Dropping 'sqft_above','zip_98001', 'month1' and 'dow1'.

In [None]:
df_en_fin = df_en_fin.drop(['sqft_above','zip_98001','month1','dow1'],axis=1)

df_vif = df_en_fin.drop(["price"],axis=1)
for cname in df_vif.columns:  
    y=df_vif[cname]
    X=df_vif.drop(cname, axis=1)
    regr = LinearRegression(fit_intercept=True)
    regr.fit(X, y)
    rsquared = regr.score(X,y)
    #print(cname,":" ,1/(1-np.power(rsquared,2)))
    if rsquared > 1. -1e-10:
        print(cname,X.columns[(regr.coef_> 0.5) | (regr.coef_ < -0.5)])

NO multicollinearity happens!!

## 3.Model building and Evaluation

The model will be built by using train dataset after detecting multicollinearity.  It will be evaluated on  MSE(mean_squared_error) and MAE(mean_squared_error) in order to compare with 1st model.

In [None]:
X_multi = df_en_fin.drop(['price'],axis=1)
y_target = df_en_fin['price']

In [None]:
X_train,X_test,y_train,y_test = train_test_split(X_multi,y_target,random_state=42)

In [None]:
regr_train=LinearRegression(fit_intercept=True).fit(X_train,y_train)
y_pred = regr_train.predict(X_test)

In [None]:
MAE_2 = mean_absolute_error(y_test,y_pred)
MSE_2 = mean_squared_error(y_test,y_pred)

print('MAE_2:',MAE_2,"/","MSE_2:",MSE_2)

In [None]:
print('MAE:{:.4f}'.format(1-MAE_2 / MAE_1),'/','MSE:{:.4f}'.format(1-MSE_2 / MSE_1))

## Conclusion 
The prediction model which conducted feature engineering and detected multicollinearity was clearly better than the 1st model.

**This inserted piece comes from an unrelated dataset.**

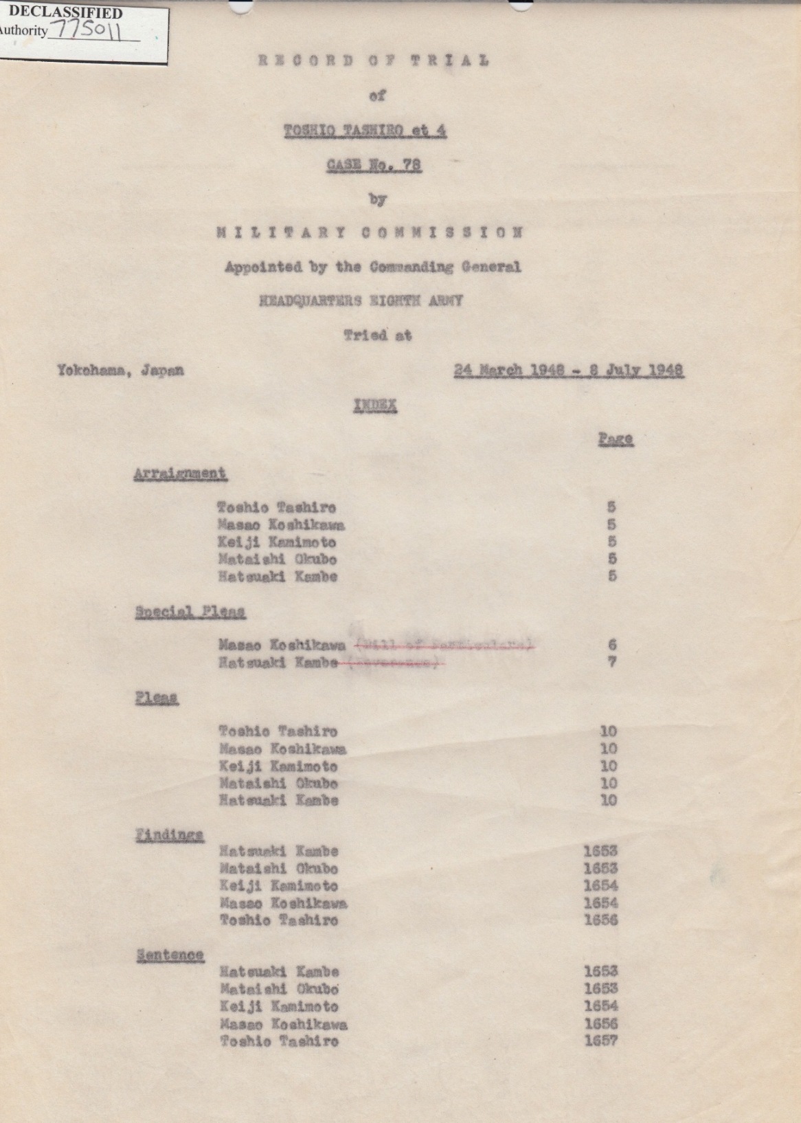 All the remaining documents in this Section are from Michael Krehl who scanned these at NARA. These pages contain a selection of the approximately 1900 pages in the files for Yokohama Trial T-078 It is impossible for me to present each of these documents in the pages of the Yokohama Trial. Very simple information for each of the five accused is presented in their respective pages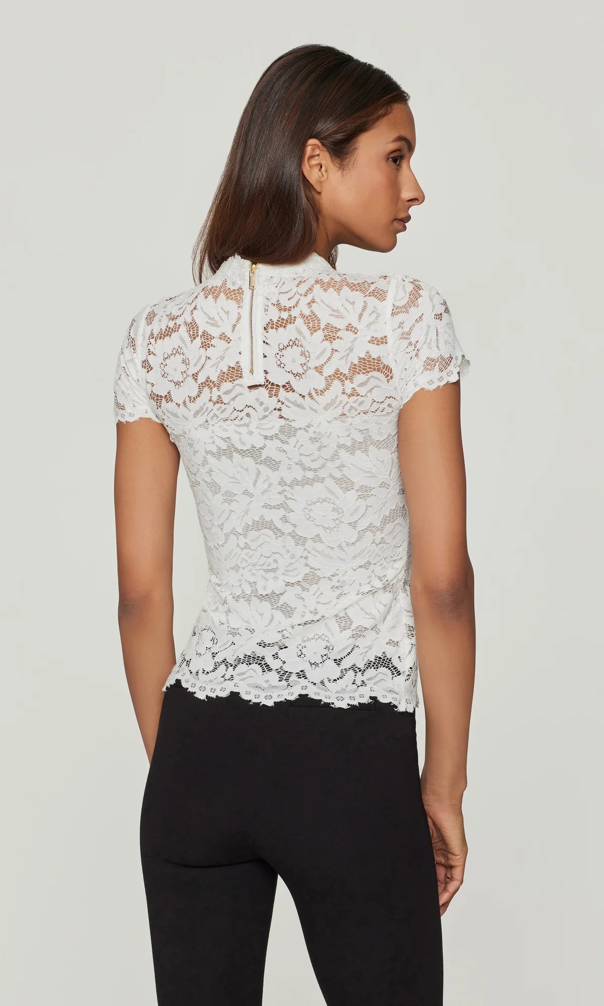 The Giada Lace Top in white offers delicate lacework with a refined silhouette grounded in rich color. Its fitted body, scalloped edges, and mock neck add modern romance, while the crisp white hue enhances the intricate lacework, offering a fresh, refined look.

MAE decreased by 23.5% and MSE does by 36.3%.


## Next Issues
1. Exactly MAE and MSE decreased by more than 20%, however, LinearRegression was only tried at this time. Therefore the other methodology should be tried on the purpose to get better.

2.  As there are over 100 of the explanatory variables, overfitting may happen.Therefore the number of variables may need to decrease.